日本地球惑星科学連合2023年大会

講演情報

[E] 口頭発表

セッション記号 A (大気水圏科学) » A-CG 大気海洋・環境科学複合領域・一般

[A-CG37] 衛星による地球環境観測

2023年5月26日(金) 10:45 〜 12:15 104 (幕張メッセ国際会議場)

コンビーナ:沖 理子(宇宙航空研究開発機構)、本多 嘉明(千葉大学環境リモートセンシング研究センター)、高薮 縁(東京大学 大気海洋研究所)、松永 恒雄(国立環境研究所地球環境研究センター/衛星観測センター)、座長:岡本 幸三(気象研究所)

11:15 〜 11:30

[ACG37-09] Evaluation of cloud microphysics scheme using ground-based micro-rain radar in senjo-kousuitai event

*幾田 泰酵1 (1.気象庁気象研究所)

キーワード:レーダー、雲微物理スキーム、線状降水帯

In Japan, the precipitation from ‘senjo-kousuitai’ has caused enormous meteorological disasters such as floods and landslides. To mitigate the damage caused by these disasters, improving the forecast accuracy of the senjo-kosuitai is necessary. The accuracy of precipitation forecasts depends on the performance of cloud microphysics schemes in the numerical weather prediction model. In order to confirm the performance of the cloud microphysics scheme, we tried to evaluate the cloud microphysics scheme using a vertical pointing micro-rain radar (24.2 GHz) and a disdrometer. The micro-rain radar and the disdrometer are operated by JAXA's GPM ground validation. The numerical weather prediction model under evaluation is the JMA non-hydrostatic model ASUCA, and the cloud microphysics scheme of ASUCA is the single-moment bulk scheme. In order to compare observed and simulated reflectivity, the micro-rain radar reflectivity is simulated based on the assumptions of the cloud microphysics scheme.

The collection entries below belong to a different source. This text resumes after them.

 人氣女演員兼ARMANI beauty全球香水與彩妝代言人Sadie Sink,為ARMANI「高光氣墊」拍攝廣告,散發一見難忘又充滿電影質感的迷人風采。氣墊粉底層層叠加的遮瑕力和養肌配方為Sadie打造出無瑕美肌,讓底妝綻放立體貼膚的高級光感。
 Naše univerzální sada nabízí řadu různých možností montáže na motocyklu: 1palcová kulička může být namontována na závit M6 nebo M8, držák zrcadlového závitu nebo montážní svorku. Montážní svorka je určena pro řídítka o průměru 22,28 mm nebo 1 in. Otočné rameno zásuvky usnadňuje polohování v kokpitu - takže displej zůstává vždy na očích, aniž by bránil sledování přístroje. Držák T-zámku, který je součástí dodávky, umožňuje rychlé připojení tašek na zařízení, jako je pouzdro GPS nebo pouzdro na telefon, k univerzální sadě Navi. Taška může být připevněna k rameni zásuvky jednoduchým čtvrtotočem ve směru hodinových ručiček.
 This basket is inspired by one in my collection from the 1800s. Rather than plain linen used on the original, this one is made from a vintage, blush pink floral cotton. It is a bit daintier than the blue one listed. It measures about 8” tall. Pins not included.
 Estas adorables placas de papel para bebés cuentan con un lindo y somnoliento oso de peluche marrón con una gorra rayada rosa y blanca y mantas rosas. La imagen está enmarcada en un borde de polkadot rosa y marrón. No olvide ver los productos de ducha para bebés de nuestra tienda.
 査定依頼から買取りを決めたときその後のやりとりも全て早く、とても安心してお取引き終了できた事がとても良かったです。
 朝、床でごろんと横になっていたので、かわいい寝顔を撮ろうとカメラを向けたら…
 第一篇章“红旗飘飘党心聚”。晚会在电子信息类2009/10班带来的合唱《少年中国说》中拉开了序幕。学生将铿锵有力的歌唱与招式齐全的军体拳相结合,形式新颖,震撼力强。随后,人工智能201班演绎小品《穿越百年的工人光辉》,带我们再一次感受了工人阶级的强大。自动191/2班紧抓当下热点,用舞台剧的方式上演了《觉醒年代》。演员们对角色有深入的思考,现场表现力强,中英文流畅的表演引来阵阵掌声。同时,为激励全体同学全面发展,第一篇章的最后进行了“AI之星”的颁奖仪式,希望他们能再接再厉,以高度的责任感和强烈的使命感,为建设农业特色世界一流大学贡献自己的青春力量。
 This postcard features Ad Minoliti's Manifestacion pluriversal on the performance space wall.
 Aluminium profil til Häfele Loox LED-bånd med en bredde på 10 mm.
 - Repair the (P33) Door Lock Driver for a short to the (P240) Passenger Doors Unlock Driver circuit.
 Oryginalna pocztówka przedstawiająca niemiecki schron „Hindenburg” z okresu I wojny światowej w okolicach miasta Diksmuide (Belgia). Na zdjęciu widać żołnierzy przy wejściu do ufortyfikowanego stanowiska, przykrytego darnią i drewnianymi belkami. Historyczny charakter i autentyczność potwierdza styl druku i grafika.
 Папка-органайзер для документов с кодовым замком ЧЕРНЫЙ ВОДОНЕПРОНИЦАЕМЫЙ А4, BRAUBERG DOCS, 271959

The scattering coefficients in the reflectivity simulation are calculated by the T-matrix method. For comparison with the disdrometer observations, the particle size distribution of raindrops in the model was also calculated based on the assumptions of the cloud microphysics scheme. In this study, sensitivity experiments of the cloud microphysics scheme were conducted for a senjo-kosuitai case study and validated using the micro-rain radar and the disdrometer. We compared schemes with inverse exponential raindrop size distributions with those with bimodal raindrop size distributions. For the inverse-exponential type, the simulated reflectivities were larger than the observed values, while for the bimodal type, the overestimation was reduced. Thus, micro-rain radar provides important information, but because it is a fixed-point observation, even a slight deviation of the precipitation forecast location from the actual precipitation location lead to apparently large errors. In my presentation, I would like to introduce the results and issues of the evaluation using micro-rain radar and a disdrometer.